*Task to complete*
The response must contain every line of the records that follow, duplicated exactly.

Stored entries

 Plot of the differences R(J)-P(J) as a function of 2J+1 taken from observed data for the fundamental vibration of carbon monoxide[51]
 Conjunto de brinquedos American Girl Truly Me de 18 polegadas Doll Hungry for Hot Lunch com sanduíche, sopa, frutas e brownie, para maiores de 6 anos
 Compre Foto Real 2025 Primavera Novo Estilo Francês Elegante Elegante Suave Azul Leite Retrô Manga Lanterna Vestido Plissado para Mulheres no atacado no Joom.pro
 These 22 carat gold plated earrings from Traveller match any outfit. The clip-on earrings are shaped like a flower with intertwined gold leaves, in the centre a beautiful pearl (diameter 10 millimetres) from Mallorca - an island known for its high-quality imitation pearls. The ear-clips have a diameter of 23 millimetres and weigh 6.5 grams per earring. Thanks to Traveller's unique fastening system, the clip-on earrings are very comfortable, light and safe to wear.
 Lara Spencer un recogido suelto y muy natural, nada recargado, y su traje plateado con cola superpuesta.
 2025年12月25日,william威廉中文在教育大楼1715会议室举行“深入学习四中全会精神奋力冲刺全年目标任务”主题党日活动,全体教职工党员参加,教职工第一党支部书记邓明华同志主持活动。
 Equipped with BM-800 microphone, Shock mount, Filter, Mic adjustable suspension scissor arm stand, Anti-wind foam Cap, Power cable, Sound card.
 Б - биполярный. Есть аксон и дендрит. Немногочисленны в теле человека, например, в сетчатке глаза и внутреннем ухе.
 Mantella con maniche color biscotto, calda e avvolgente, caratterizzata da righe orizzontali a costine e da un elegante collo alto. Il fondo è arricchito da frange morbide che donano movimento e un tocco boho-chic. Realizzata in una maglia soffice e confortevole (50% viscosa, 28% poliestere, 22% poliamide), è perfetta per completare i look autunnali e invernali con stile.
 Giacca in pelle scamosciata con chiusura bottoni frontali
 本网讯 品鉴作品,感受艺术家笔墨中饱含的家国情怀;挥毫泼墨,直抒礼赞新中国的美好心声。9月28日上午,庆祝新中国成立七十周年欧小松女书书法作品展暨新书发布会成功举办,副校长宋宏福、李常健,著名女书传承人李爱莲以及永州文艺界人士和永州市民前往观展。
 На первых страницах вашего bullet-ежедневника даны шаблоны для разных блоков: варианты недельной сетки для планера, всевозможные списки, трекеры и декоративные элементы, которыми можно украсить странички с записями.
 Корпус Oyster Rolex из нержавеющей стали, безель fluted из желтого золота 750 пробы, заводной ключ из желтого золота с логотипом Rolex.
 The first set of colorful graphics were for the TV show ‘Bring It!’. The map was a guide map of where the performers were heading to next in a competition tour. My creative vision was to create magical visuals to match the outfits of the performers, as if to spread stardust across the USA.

*Solution for this task*
 Plot of the differences R(J)-P(J) as a function of 2J+1 taken from observed data for the fundamental vibration of carbon monoxide[51]
 Conjunto de brinquedos American Girl Truly Me de 18 polegadas Doll Hungry for Hot Lunch com sanduíche, sopa, frutas e brownie, para maiores de 6 anos
 Compre Foto Real 2025 Primavera Novo Estilo Francês Elegante Elegante Suave Azul Leite Retrô Manga Lanterna Vestido Plissado para Mulheres no atacado no Joom.pro
 These 22 carat gold plated earrings from Traveller match any outfit. The clip-on earrings are shaped like a flower with intertwined gold leaves, in the centre a beautiful pearl (diameter 10 millimetres) from Mallorca - an island known for its high-quality imitation pearls. The ear-clips have a diameter of 23 millimetres and weigh 6.5 grams per earring. Thanks to Traveller's unique fastening system, the clip-on earrings are very comfortable, light and safe to wear.
 Lara Spencer un recogido suelto y muy natural, nada recargado, y su traje plateado con cola superpuesta.
 2025年12月25日,william威廉中文在教育大楼1715会议室举行“深入学习四中全会精神奋力冲刺全年目标任务”主题党日活动,全体教职工党员参加,教职工第一党支部书记邓明华同志主持活动。
 Equipped with BM-800 microphone, Shock mount, Filter, Mic adjustable suspension scissor arm stand, Anti-wind foam Cap, Power cable, Sound card.
 Б - биполярный. Есть аксон и дендрит. Немногочисленны в теле человека, например, в сетчатке глаза и внутреннем ухе.
 Mantella con maniche color biscotto, calda e avvolgente, caratterizzata da righe orizzontali a costine e da un elegante collo alto. Il fondo è arricchito da frange morbide che donano movimento e un tocco boho-chic. Realizzata in una maglia soffice e confortevole (50% viscosa, 28% poliestere, 22% poliamide), è perfetta per completare i look autunnali e invernali con stile.
 Giacca in pelle scamosciata con chiusura bottoni frontali
 本网讯 品鉴作品,感受艺术家笔墨中饱含的家国情怀;挥毫泼墨,直抒礼赞新中国的美好心声。9月28日上午,庆祝新中国成立七十周年欧小松女书书法作品展暨新书发布会成功举办,副校长宋宏福、李常健,著名女书传承人李爱莲以及永州文艺界人士和永州市民前往观展。
 На первых страницах вашего bullet-ежедневника даны шаблоны для разных блоков: варианты недельной сетки для планера, всевозможные списки, трекеры и декоративные элементы, которыми можно украсить странички с записями.
 Корпус Oyster Rolex из нержавеющей стали, безель fluted из желтого золота 750 пробы, заводной ключ из желтого золота с логотипом Rolex.
 The first set of colorful graphics were for the TV show ‘Bring It!’. The map was a guide map of where the performers were heading to next in a competition tour. My creative vision was to create magical visuals to match the outfits of the performers, as if to spread stardust across the USA.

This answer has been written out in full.